Kernel thread and preemptive kernel
As a natural result of our implementation, we have implemented the concept
of kernel threads, which are subsidiaries of a special process (pid=0) that runs
under kernel mode. Treating the kernel as a dedicated process rather than a
process parasite, enables us to implement an advanced feature of a preemptive
kernel. Unlike in Linux, where the kernel is preemptive anywhere; Things were
different in Lunaix, where only functions called directly from the kernel thread can
be preemptive, which allows us to perform more fine-grand control. This reduces
the effort of refactoring and eases the writing of new kernel code, for which the
non-preemptive assumption can be kept.

Spawning and forking
This patch introduces a set of tools for performing remote virtual memory space
transaction, allow the kernel to inject data into another address space. And will
be used as infrastructure for kernel-level support on the `posix-spawn`
interface, which creates a process from scratch rather than fork from another,
allows us to skip duplicating the process's VM space and reduce overhead.

LunaDBG
LunaDBG has been refactored for modularization and arch-agnostic. New set of
commands are being added:

        mm: a sophisticated tool for examining page table mapping and performing
            physical memory profiling (detailed usage see up-coming documentation)
     sched: tools for examining the scheduler context, listing all threads and
            processes

--------------
All changes included in this patch:

* * Signal mechanism refactor

   The sigctx of proc_info is changed to a pointer reference as well as the
   sigact array is now in favour of storing references. Therefore we can keep
   the overall proc_info and sigctx size small thus to avoid internal fragmentation
   of allocating large cake piece.

   Some refactoring also done on signal related method/struct to improve
   overall readability

* Temporary removal of x87 state from context switching until a space-efficient
  workaround emerged

* Add check on kernel originated seg-fault and halt the kernel (for debugging).
  As by assumption kernel mapping will always present (at least for now, as
  page swapping and stagging is not implemented in Lunaix yet).

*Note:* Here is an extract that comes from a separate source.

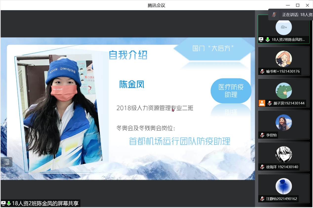 首先,由陈金凤同志分享寒假期间参与冬奥志愿者的经历。从自我介绍、主要工作内容、收获感想三个方面进行。通过首都机场运行团队防疫助理的志愿经历,从主要内容将工作分为每日及每周汇总整理核酸检测结果,通过多体征感知设备进行监测并且反馈异常信息,观测防护服监控,文件攥写与会议准备。陈金凤同志展示了冬奥会及残奥会期间所使用的软件、工作成果等部分内容。

* Re-group the fork related functions to a dedicated fork.c file

* Fix a incorrect checking on privilege level of interrupt context when
  printing tracing

* * Make proc_mm as a pointer reference to further reduce the single allocation size
  as well as making things more flexible

* Remove the need of pid when allocating the physicall memory. Due the complexity and
  the dynamics in the ownership of physical page, there is no point to do such checking
  and tracking.

* Add some short-cut for accessing some commonly used proc_mm field, to avoid nasty
  chain of cascading '->' for sake of readbility.

* * Introducing struct thread to represent a light-weighted schedulable element.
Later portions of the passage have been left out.